Some arithmetic operations (such as multiplication) can indicate an action rather than arithmetic in a common parent. For example:
sage: E = EllipticCurve('37a')
sage: P = E(0,0)
sage: 5*P
(1/4 : -5/8 : 1)
where there is action of \(\ZZ\) on the points of \(E\) given by the additive group law. Parents can specify how they act on or are acted upon by other parents.
There are two kinds of ways to get from one parent to another, coercions and conversions.
Coercions are canonical (possibly modulo a finite number of deterministic choices) morphisms, and the set of all coercions between all parents forms a commuting diagram (modulo possibly rounding issues). \(\ZZ \rightarrow \QQ\) is an example of a coercion. These are invoked implicitly by the coercion model.
Conversions try to construct an element out of their input if at all possible. Examples include sections of coercions, creating an element from a string or list, etc. and may fail on some inputs of a given type while succeeding on others (i.e. they may not be defined on the whole domain). Conversions are always explicitly invoked, and never used by the coercion model to resolve binary operations.
For more information on how to specify coercions, conversions, and actions, see the documentation for Parent.
Bases: sage.structure.element.CoercionModel
See also sage.categories.pushout
EXAMPLES:
sage: f = ZZ['t','x'].0 + QQ['x'].0 + CyclotomicField(13).gen(); f
t + x + (zeta13)
sage: f.parent()
Multivariate Polynomial Ring in t, x over Cyclotomic Field of order 13 and degree 12
sage: ZZ['x','y'].0 + ~Frac(QQ['y']).0
(x*y + 1)/y
sage: MatrixSpace(ZZ['x'], 2, 2)(2) + ~Frac(QQ['x']).0
[(2*x + 1)/x 0]
[ 0 (2*x + 1)/x]
sage: f = ZZ['x,y,z'].0 + QQ['w,x,z,a'].0; f
w + x
sage: f.parent()
Multivariate Polynomial Ring in w, x, y, z, a over Rational Field
sage: ZZ['x,y,z'].0 + ZZ['w,x,z,a'].1
2*x
AUTHOR:
Emulate the process of doing arithmetic between xp and yp, returning a list of steps and the parent that the result will live in. The explain function is easier to use, but if one wants access to the actual morphism and action objects (rather than their string representations) then this is the function to use.
EXAMPLES:
sage: cm = sage.structure.element.get_coercion_model()
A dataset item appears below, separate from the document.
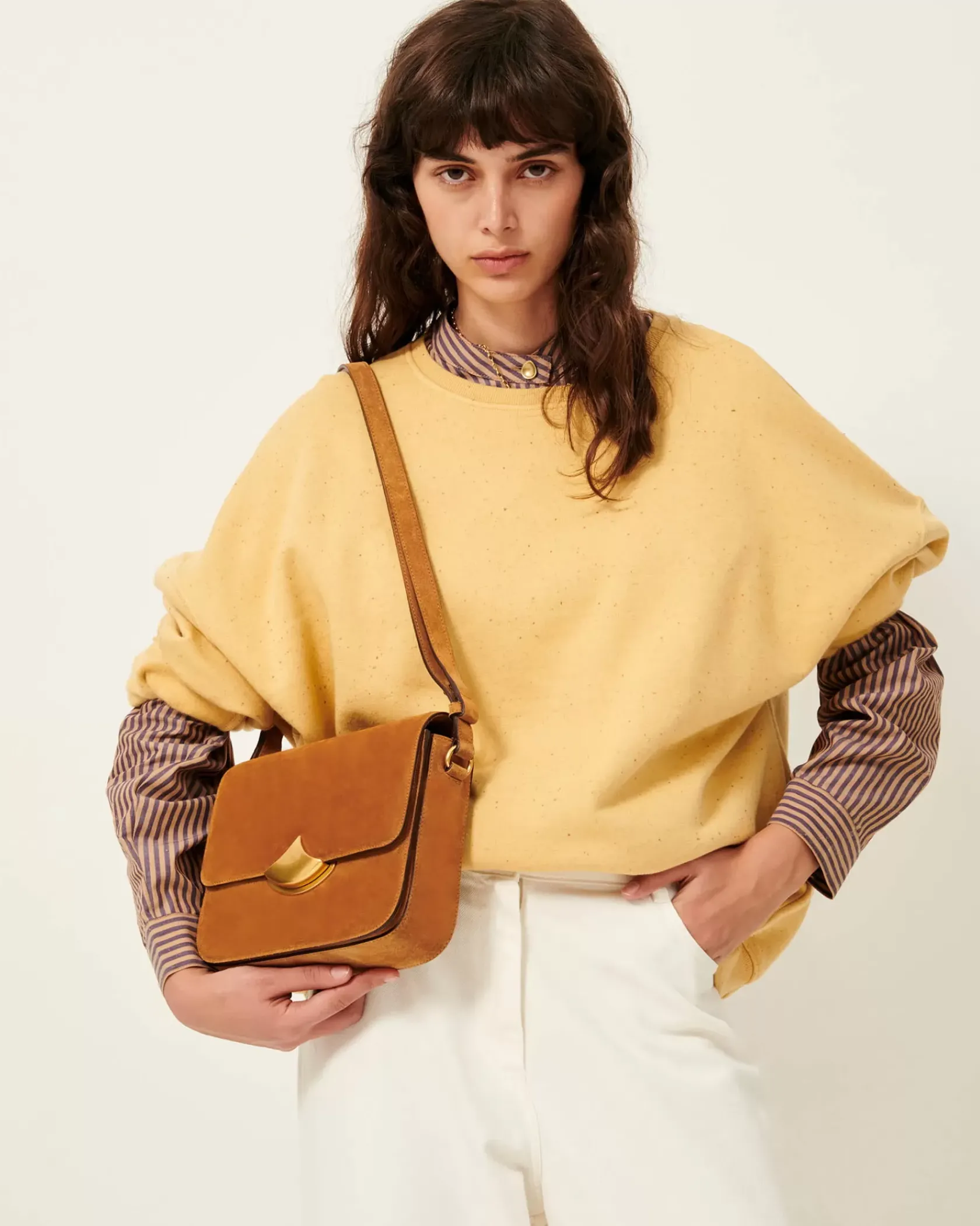 Sac boîte à deux compartiments en cuir de vache suédé avec fermoir magnétique, développement exclusif Sessùn.

sage: steps, res = cm.analyse(GF(7), ZZ)
sage: print steps
['Coercion on right operand via', Natural morphism:
From: Integer Ring
To: Finite Field of size 7, 'Arithmetic performed after coercions.']
sage: print res
Finite Field of size 7
sage: f = steps[1]; type(f)
<type 'sage.rings.finite_rings.integer_mod.Integer_to_IntegerMod'>
sage: f(100)
2
Execute the operation op on x and y. It first looks for an action corresponding to op, and failing that, it tries to coerces x and y into the a common parent and calls op on them.
If it cannot make sense of the operation, a TypeError is raised.
INPUT:
x - the left operand
y - the right operand
op - a python function taking 2 arguments
Note
op is often an arithmetic operation, but need not be so.
EXAMPLES:
sage: cm = sage.structure.element.get_coercion_model()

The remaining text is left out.